Let's generate a tabular file with some random citation numbers in R:

data <- matrix(data=round(runif(n=10000000, max=1000, min=0)), ncol=10) write.table(x=data, file="test.tsv", col.names=F, row.names=F, sep="\t")

Now let's test the speeds of this file with 1,000,000 lines of citations on my MacBook Air:

#check out the file head -5 test.tsv 559 137 85 452 506 646 503 198 216 944 250 13 515 710 675 613 131 169 647 746 742 133 550 526 558 611 965 843 960 943 972 876 765 16 24 278 656 832 976 934 108 220 685 789 79 843 827 197 334 665 #test the no_sort method time h_index.pl no_sort test.tsv > no_sort.txt real 0m6.984s user 0m6.937s sys 0m0.029s #test the new sort method time h_index.pl new test.tsv > new_sort.txt real 0m9.200s user 0m9.143s sys 0m0.038s #test the old method time h_index.pl old test.tsv > old_sort.txt real 0m29.908s user 0m29.789s sys 0m0.074s for file in `ls *.txt`; do md5 $file; done MD5 (new_sort.txt) = d249ab46047936c2de5c2ceb09371e1a MD5 (no_sort.txt) = d249ab46047936c2de5c2ceb09371e1a MD5 (old_sort.txt) = d249ab46047936c2de5c2ceb09371e1a

This work is licensed under a Creative Commons

Attribution 4.0 International License.

Hi,

thanks for the posts.
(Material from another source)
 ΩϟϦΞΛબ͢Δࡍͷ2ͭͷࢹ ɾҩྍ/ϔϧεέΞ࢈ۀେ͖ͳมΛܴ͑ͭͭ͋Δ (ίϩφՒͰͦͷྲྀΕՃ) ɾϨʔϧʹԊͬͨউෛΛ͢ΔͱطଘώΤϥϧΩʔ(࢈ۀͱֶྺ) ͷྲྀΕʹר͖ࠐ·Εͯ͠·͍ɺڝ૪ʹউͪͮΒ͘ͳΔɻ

This one has a billion different solutions. A couple of thoughts as you move forward in your programming.

1. You should look up hash tables in perl. This would make it so you didn't have to do the sort, you simply store the occurrences of the items and then go through the items and output those that occurred more than x-times.
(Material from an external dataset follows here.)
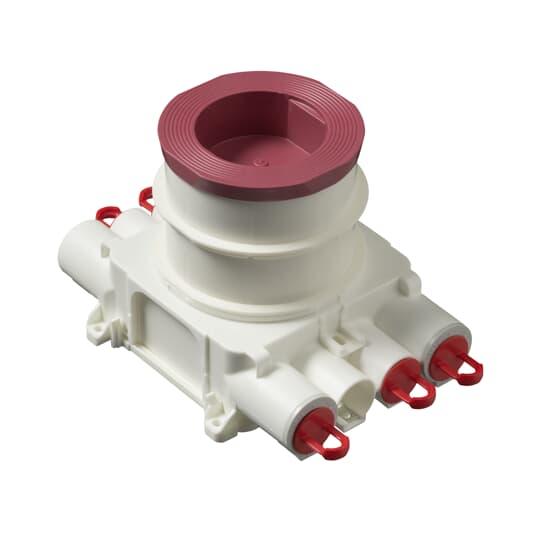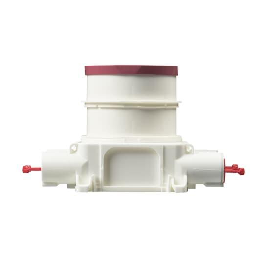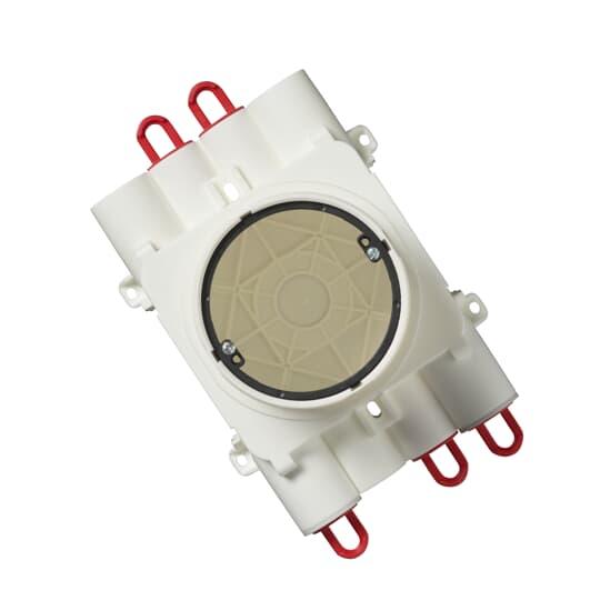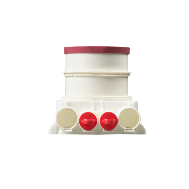 Junction box AUB67H is especially designed for off site and on site casting applications. Box height is 112 mm. Box has several fixed inlets with locking springs to two directions (4 x 20 mm and 4 x 25 mm). Two 25 mm inlets have removable 20 mm reducer. It is possible to connect four 20 mm conduits simultaneously to one direction. The mounting box includes a rotating installation ring, has large inside space and removable back cover. Made of halogen free material (IEC/61249-2-21) and fulfills the requirements of the glow wire test according to the standard IEC/EN60670: 2005 (650 °C). Maximum number of conductors is 40 pcs.

2. If this is in a tabular text file, you might consider looking at awk. A simple 1-liner might be something like this awk '{count[$2]++}end{for(j in count) if(count[j]>10){print j" "count[j] }}' file.csv This is pretty much how it reads, iterate a counter on column 2 of the input file .csv storing the counter as a array indexed on the text in field 2 (hash table), after done, scroll through the array and output the items >10 counts.

Great blog,

thanks,

Bob

Hi Robert,

thank you for the pointers! I'll definitely implement your suggestions sometime, compare the speeds, and update the post.

Cheers,

Dave

Hi Robert,

I wrote another method that doesn't require sorting and as expected it is faster. For the new implementation, I figured that using an array for storing the occurrences was better than using a hash.

Cheers,

Dave

Awesome. You might try converting it to a hash for experimentation. The advantage of a hash is it does not require the index to be a number so the code will generalize to more uses and still be fast. While you are at it, you might also give the awk code a try. I am not sure how your data is organized exactly, is the first number in a line supposed to be the citation number and the rest are articles citing that one? If so, try awk '{count[$1]=(NF-1)}end{for(j in count) if(count[j]>10){print j" "count[j] }}' file.tsv . If instead, each number is a citation in an article, try awk '{for (i=1; i10){print j" "count[j] }}' file.tsv I would need to try the second one to make sure it interprets the $i to be the actual citation number in the appropriate field.

Happy programming.

I've recently proposed a novel index for evaluation of individual researchers that does not depend on the number of publications, accounts for different co-author contributions and age of publications, and scales from 0.0 to 9.9 (http://f1000research.com/articles/4-884). Moreover, it can be calculated with the help of freely available software. Please, share your thoughts on it. Would you use it along with the h-index, or maybe even instead of it, for evaluating your peers, potential collaborators or job applicants? If you've tried it on the people you know, do you find the results fair?

Hi Aleksey,

thanks for the paper. I'm not a fan of the h-index (or the citation index), so I'll definitely check out what you propose.

Cheers,

Dave

So, have you managed to try it? What do you think?